The Arctic Whaling Journals of William Scoresby the Younger / Volume I / The Voyages of 1811, 1812 and 1813


Book Description

William Scoresby (1789-1857) made his first voyage in the whaler Resolution from Whitby to the Greenland Sea, west of Spitsbergen, in 1800. Three years later he was formally apprenticed to his father and another three years saw him promoted to chief officer. On 5 October 1810, his twenty-first birthday, ’the earliest at which, by reason of age, I could legally hold a command’, his father moved to Greenock and another ship, relinquishing the Resolution to his son. Another ten years would see the publication of what has been described as ’one of the most remarkable books in the English language’, his two-volume An Account of the Arctic Regions, with a History and Description of the Northern Whale-Fishery (1820). Even before he took command of the Resolution, two developments had occurred that, when combined with his seamanship and whaling skill, were to make that book ’the foundation stone of Arctic science’ and cause the journals of his annual voyages to be remarkable accounts in their own right. First, Scoresby had studied, during two brief winters at the University of Edinburgh. Teachers such as John Playfair and Robert Jameson had made him aware of the scientific importance of his arctic experience.
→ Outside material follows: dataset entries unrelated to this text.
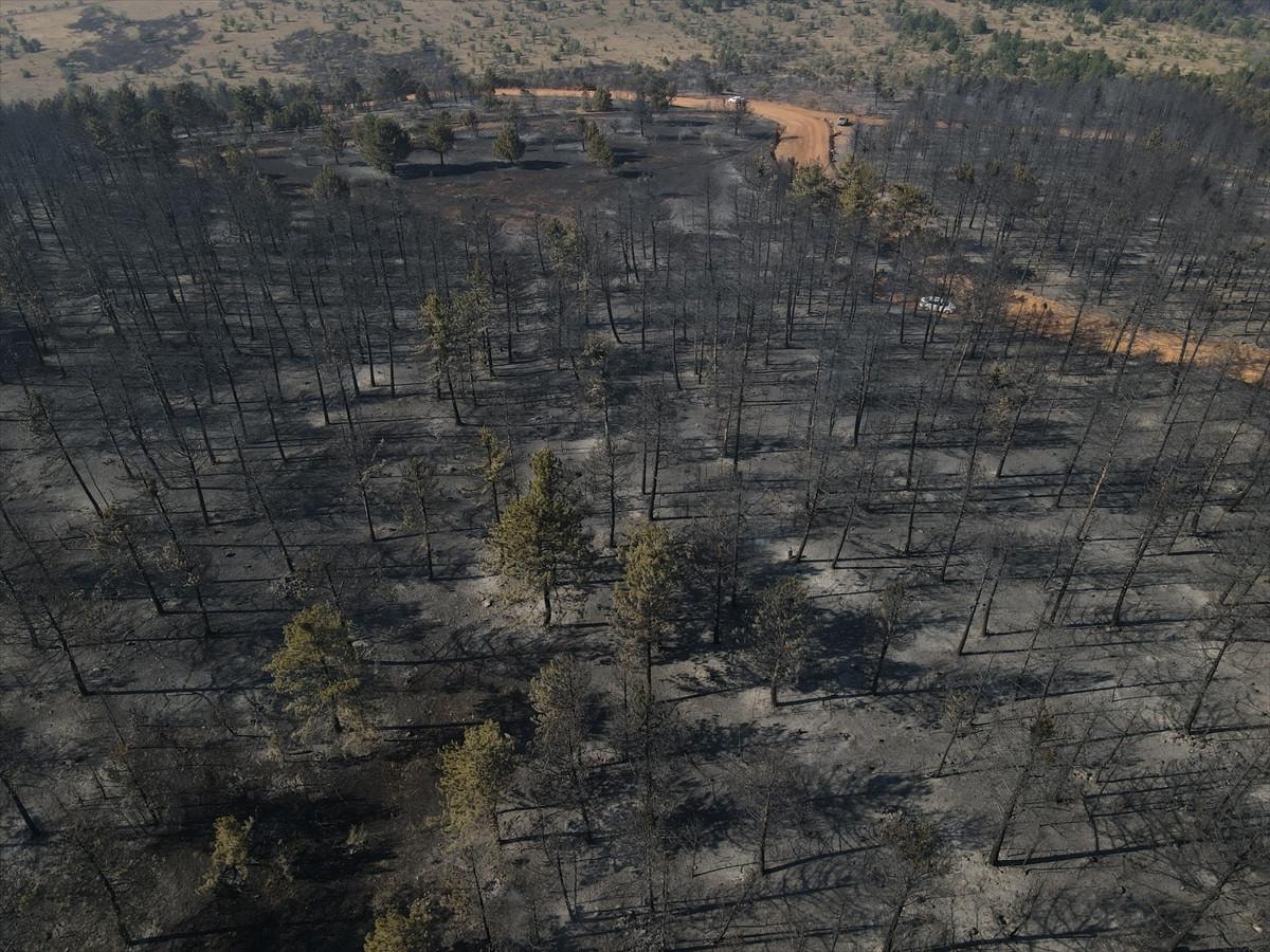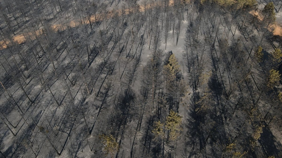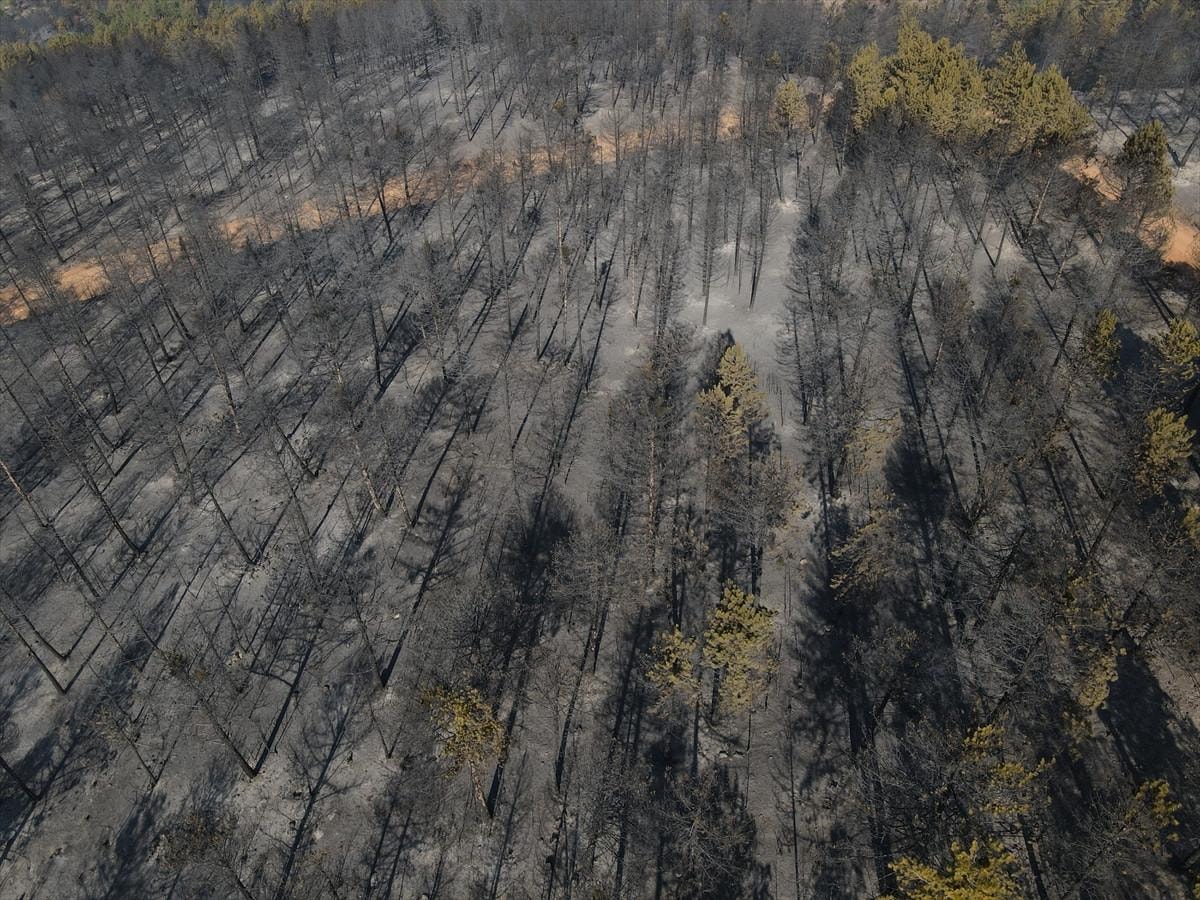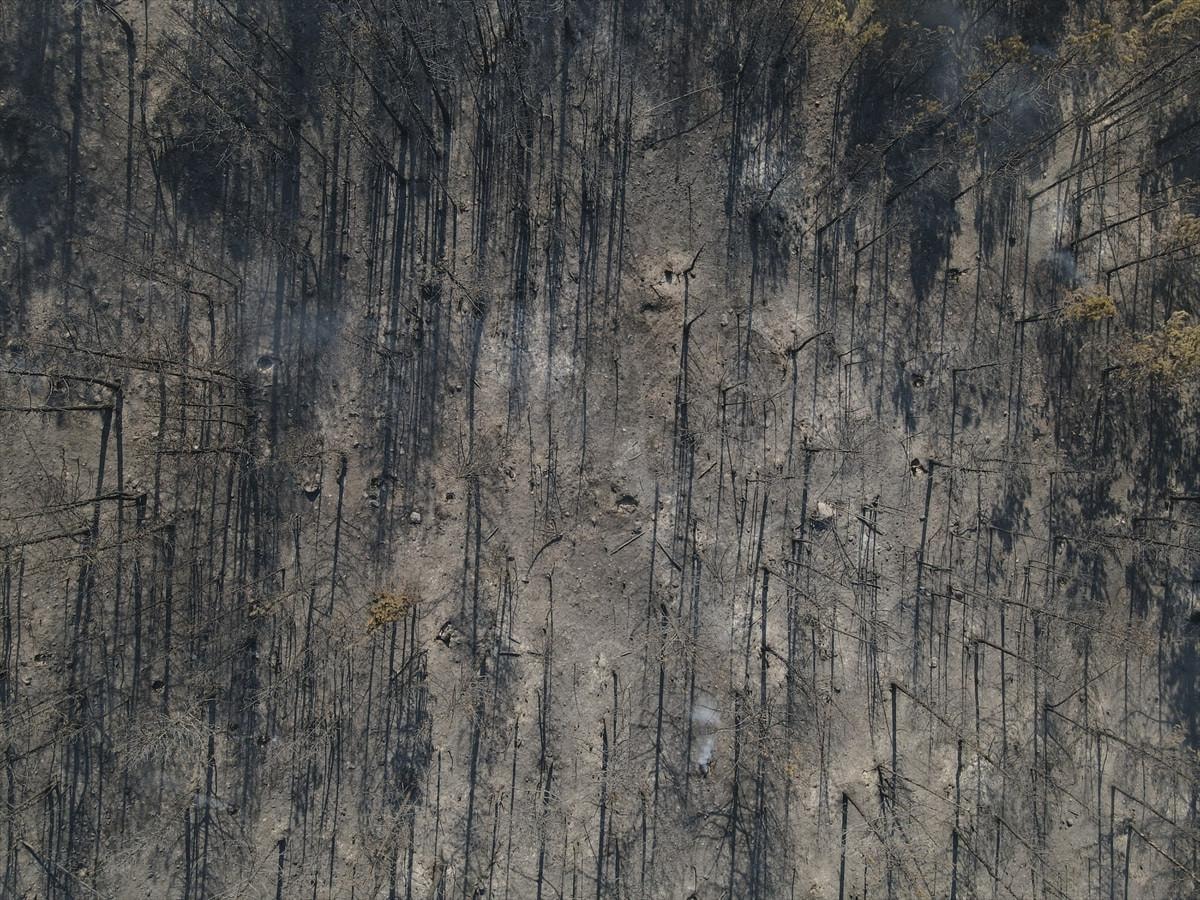 Kaydedilen görüntülerde, geniş bir alanın tamamen siyaha büründüğü ve yeşil örtünün yerini kül tabakasına bıraktığı görüldü.
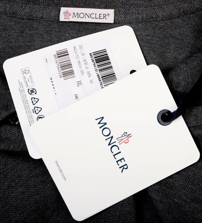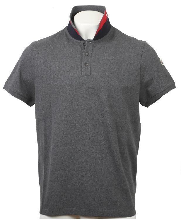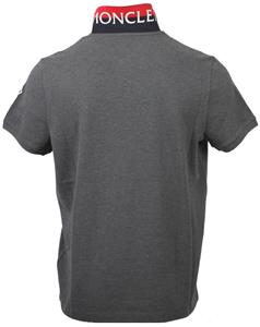 NEW WITH TAGS MONCLER GRAY COTTON SIGNATURE COLLAR LOGO POLO SHIRT. 100% AUTHENTICITY GUARANTEED. 100% AUTHENTICITY GUARANTEED. LUXURIOUS QUALITY SUPER SOFT POLO SHIRT IN GRAY COLOR, RED BLUE UNDERCOLOR WITH MONCLER LETTERING LOGO EMBROIDERY. FELT LOGO EMBROIDERY ON THE SLEEVE. 100% COTTON. SIZE 2XL.
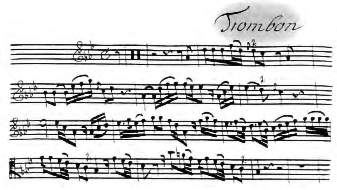 Especially for the trombonists of the time: note the number of times the composer, rather than having a melodic sequence ascend as one would expect, “drops the octave” in order to avoid what was then considered fatiguing and a risky upper tessitura.

Together with Sir Joseph Banks, the president of the Royal Society, they encouraged him to observe, experiment and record, and provided opportunities for his data to be published. Secondly, this encouragement, and the study habits he developed at Edinburgh, led Scoresby to expand the logs of his arctic voyages into lengthy journals that contained scientific records and social and religious comment as well as detailed descriptions of navigation and whaling.